The only reason I'm going to pass on this story is that my sister reminded me about it this last weekend. I hadn't thought about it in a long time and I got to laughing about it while I was relating the story to my wife. My wife stared at me in complete horror as I told her this story...lol

My dad and I don't have much of a relationship, never have, mainly due to his penchant for being a life long a-hole. One of his multiple crappy personality traits is his love of a, usually misplaced and most of the time completely offensive, practical joke. Ok, well, circa de 1987, my freshman year of high school our school held its annual Halloween carnival. I know they're called Fall Festivals now but back then we still referred to them as Halloween carnivals. Anywho, My mom dropped me off at the high school then accompanied my sister, six years younger than me, to her third grade carnival. My old man didn't attend school events, nor would I have wanted him to, so he stayed home. The carnival kicked off around 6pm and everything finished up around 9:30-ish. My mom picked me back up and we headed home. We pulled into our driveway, got out, all was normal, I was the first one up to the door, and immediately noticed the front door was standing open.
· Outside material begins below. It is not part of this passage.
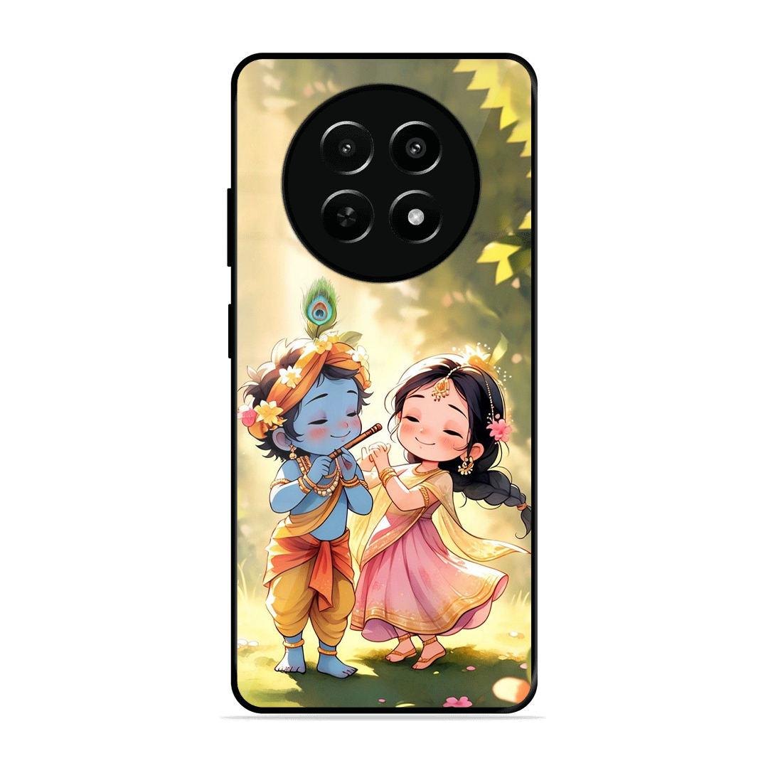 Tempered Glass Coated Metal Back Case for Realme Narzo N65 5G Little Cute Shree Radha Krishna

This was completely out of character for my house, my old man being a "all doors and windows will be locked and secured at all times" type person ever since I can remember. I glanced inside and saw the two recliners in the living room were turned over on their side and the lamp was laying in the floor, obvious signs of a struggle. I turned around, told my mom what I saw, told her to take my sister back to the car and wait for me....lol, My mom told me afterwards, it didn't even cross her mind to question me my tone was so serious, but calm. I proceeded inside the house and instead of investigating, made my way immediately to my mom and dad's bedroom, opened my dad's gun closet, picked out his .357 Colt Trooper, opened the cylinder, made sure it was fully loaded, as was normal, and began slowly going room to room. I remember hearing my mom yell my name over and over but I didn't answer her. I checked the back two bedrooms, moved forward and then heard a sound out in our laundry room which was behind a closed door at the end and to the left of the hallway. I very quietly moved to the end of the hallway, flanking the door and watched, terrified, as the door (it's a sliding door) slowly slid open. As the door slid back, I brought the Colt to full ready position and cocked the hammer. My dad had pulled a winter ski mask over his head, and put on an old army field jacket for effect. Our eyes met and his eyes grew very large as he stared down the barrel of the Colt..lol. For a moment I didn't know what I was going to do, as it hadn't registered, yet, that this was my old man. My dad's voice, quieter than I had ever heard him talk up to that point, or since, croaked out "Shannon, it's me, please don't shoot." Another couple of seconds went by, I brought the Colt down to low ready and uncocked it.

I looked at him for a few more seconds then just handed him the pistol and walked outside to sit on the porch where I just about heaved all my Halloween carnival candy into our front yard. My mom came running up the steps, my old man came outside and tried, badly, to explain that it was just a Halloween prank, that he was just going to jump out and scare us when we came in. This prank almost caused my mom to divorce him...lol He told me later that he never heard me head down the hallway and never heard me creep back up to the door. He also said he was ABSOLUTELY convinced in those couple of seconds before recognition set in that I was going to kill him. He told me later and still swears that the pistol never wavered one centimeter as he stared at it....lol

Anyway, I thought since it's approaching the Halloween season I'd pass on that little ditty...my old man's a moron in case I didn't mention that earlier..lol Safe night everyone.
Just wowzers. Things could have gone really badly for everyone involved.
I'm glad you had the presence of mind to not shoot on sight!